Ultimamente si fa un gran parlare di democrazia liquida. Ma di che cosa si tratta? La democrazia liquida è un tipo di democrazia in cui vengono integrati i concetti della democrazia diretta con quelli della democrazia rappresentativa. La forma più diffusa di democrazia liquida è rappresentata dalla e-democracy, o democrazia elettronica.
Uno dei primi esempi dell’applicazione di questa nuova forma di partecipazione alla vita politica di uno Stato è quella messa in atto dal Partito Pirata tedesco che si è avvalso di un software open source chiamato LiquidFeedback che è stato sviluppato dall’organizzazione indipendente Public Software Group per permettere di “raccogliere e promuovere la formazione di opinioni condivise all’interno di una società” (fonte Wikipedia).
Ma senza arrivare alla e-democracy, anche in Italia la partecipazione via web inizia ad incidere in modo importante nelle scelte politiche, per ora attraverso due canali principali.
Il primo è certamente Twitter che ha permesso di sviluppare un dibattito politico orizzontale in cui la credibilità non è data dalle etichette dei contributori o dalla loro posizione nella società ma dalla loro capacità di diventare dei social influencer. Andando su un esempio concreto, la discussione politica sull’elezione del nuovo Presidente della Repubblica italiana che si è sviluppata su twitter e sugli altri social network, ha avuto ripercussioni politiche sulle scelte dei politici che hanno sentito la pressione dell’opinione pubblica allargare la platea al di là dei tradizionali mezzi di comunicazione quali i giornali e la tv. Con l’avvento di twitter e dei blogger i giornalisti non sono più i depositari unici del momento di formazione della decisione pubblica, non ne hanno più l’esclusiva. E questo, se da una parte impone che l’utente di questi servizi abbia il necessario spirito critico per valutare l’attendibilità delle fonti, dall’altra diventa un fenomenale stimolo per i giornalisti a ridisegnare parte della loro professionalità: la sfida diventa quella di coniugare autorevolezza con la capacità di interagire in modo istantaneo con i propri lettori.
Il secondo sono gli strumenti come Change.org, piattaforme per lanciare petizioni che ultimamente hanno visto la loro popolarità crescere esponenzialmente riuscendo a portare l’attenzione del dibattito politico sulle istanze che gli utenti sottopongono all’attenzione della comunità, non solo virtuale.
Forse siamo ancora lontani dalla democrazia liquida ma certamente l’influenza che internet e i social network iniziano ad avere sul dibattito politico sta acquisendo, giorno dopo giorno, sempre maggiore importanza.
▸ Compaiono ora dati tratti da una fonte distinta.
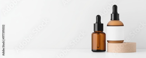 Fototapeta premium Elegant skincare product mockup, magazine-style photography, minimalist design, soft lighting, white background
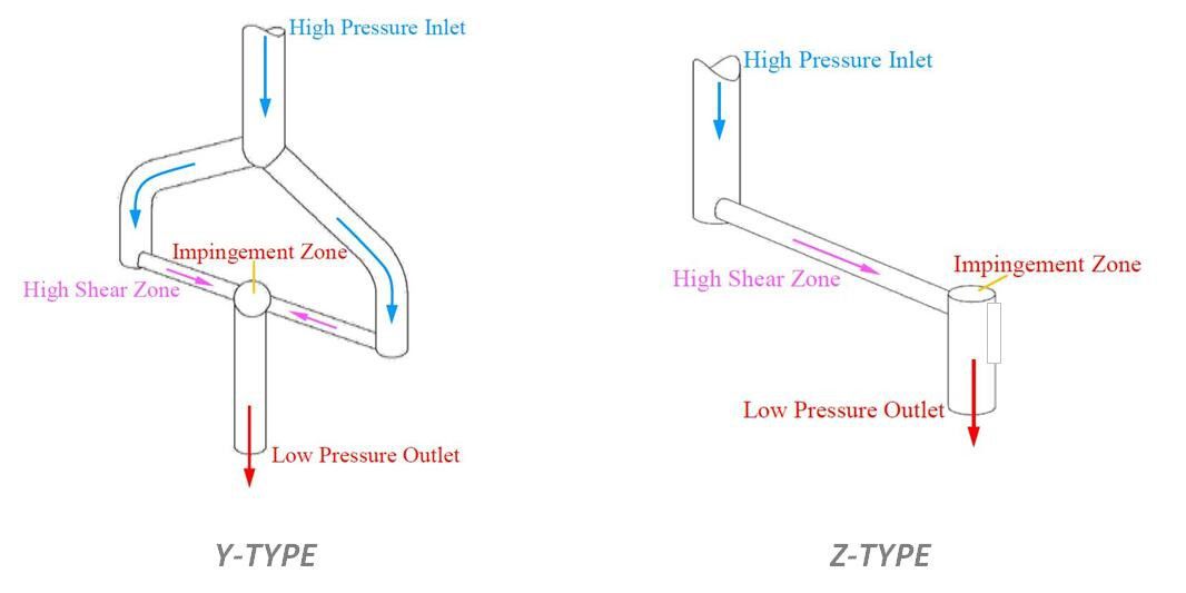 It has Y-Type and Z-type for different applications. The Y-type interaction chamber, is regarded as one of the most powerful homogenization chambers to date. In this system, the flow stream is split into two channels that are redirected over the same plane at right angles and propelled into a single flow stream. High pressure promotes a high speed at the crossover of the two flows, which results in high shear, turbulence, and cavitations over the single outbound flow stream.
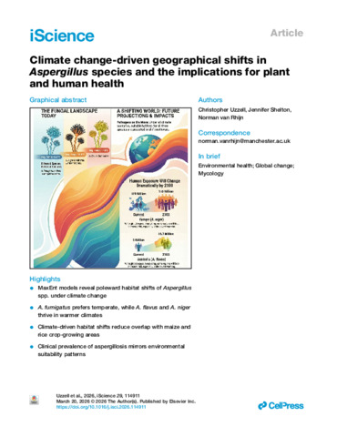 Climate change-driven geographical shifts in Aspergillus species habitat and the implications for plant and human health.

Credibilità ed autorevolezza, ormai, sono concetti che dalla teoria appresa sui banchi dell’Università non possono più essere divulgati soltanto in un modo. Il giornalismo appreso in strada e studiato per l’esame, quello con la Legge ’47/’48, per intenderci, non può continuare ad essere esercitato alla maniera di allora. Giungere a rappresentare i new (present) media con l’aspetto liquido e, dunque, per inverso, non condensato, è un logico e fisiologico punto di arrivo.
L’aspetto liquido non può rappresentare un punto di arrivo, ma di partenza. La capacità del giornalista moderno deve essere quella di saper mediare il flusso continuo di informazioni, selezionandole e rendendole intellegibili a tutti. Non si può pensare che lo strumento, si tratti di Twitter o di qualsiasi altro, possa assolvere a questo compito. La mediazione deve continuare ad essere fatta dalle persone e non dai mezzi. Il plus del giornalismo 2.0 deve venire dalla possibilità che offre di ampliare la platea dei verificatori dell’attendibilità dell’informazione, il cosiddetto fact checking, e non dal superamento del momento della mediazione che oggi può e deve essere effettuata ex ante ed ex post.